Am 15.04.2020 um 23:12 schrieb Peter Murray-Rust:
Do you know whether the figures are characters or bitmap images (we find a
lot of this in scientific publications). If they are characters with
non-standard codes , then there's probably only a small number of
characters in each font. We mapped this for some thousands of maths symbols
and I'd guess it's a smaller problem for chess. Alternatively the pieces
may be small bitmapped images Our AMI3 tool , uses PDFBox and stores all
images and removes duplicates, recording the coordinates. It's Open source
and you are welcome to try it.
Mail me if so.
Or share such a file (upload to a sharehoster).

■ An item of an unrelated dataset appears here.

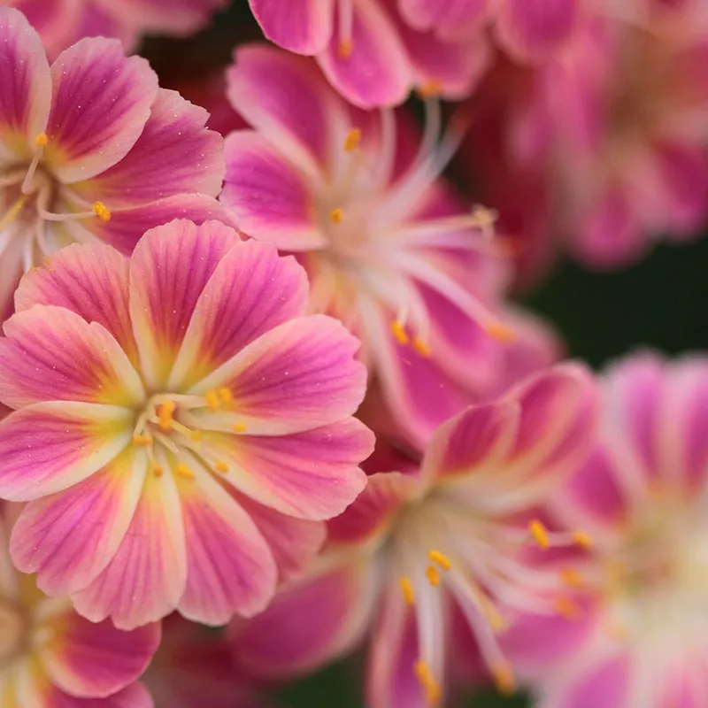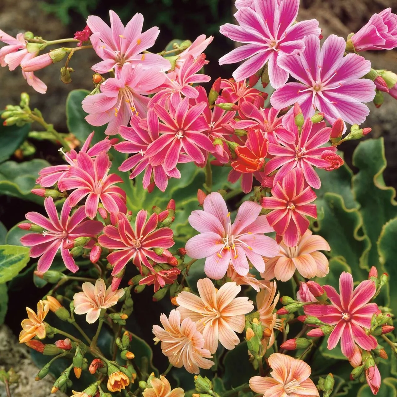 Lewizja 'Regenbogen' to kompaktowa, wieloletnia bylina o wyjątkowo dekoracyjnych kwiatach w odcieniach różu, pomarańczu, żółci i bieli, które tworzą piękne, wielobarwne kompozycje. Jest idealna do skalniaków, donic i rabat, gdzie dodaje koloru i elegancji.

If you can't, open it with PDFDebugger and look around until you find
the fonts resources, and tell what you see.
Tilman
P.
On Wed, Apr 15, 2020 at 9:19 PM Fran Rojas <froja...@gmail.com> wrote:
Hello Tilman,
I have just tested the pdf with adobe reader and it neither recognized the
characters.
Then, what would the stragegy be ?
Is there any way that the library returns the images of unrecognized
characters so that the application could make an effort to interpret them
(via a specialized OCR or something like that) ?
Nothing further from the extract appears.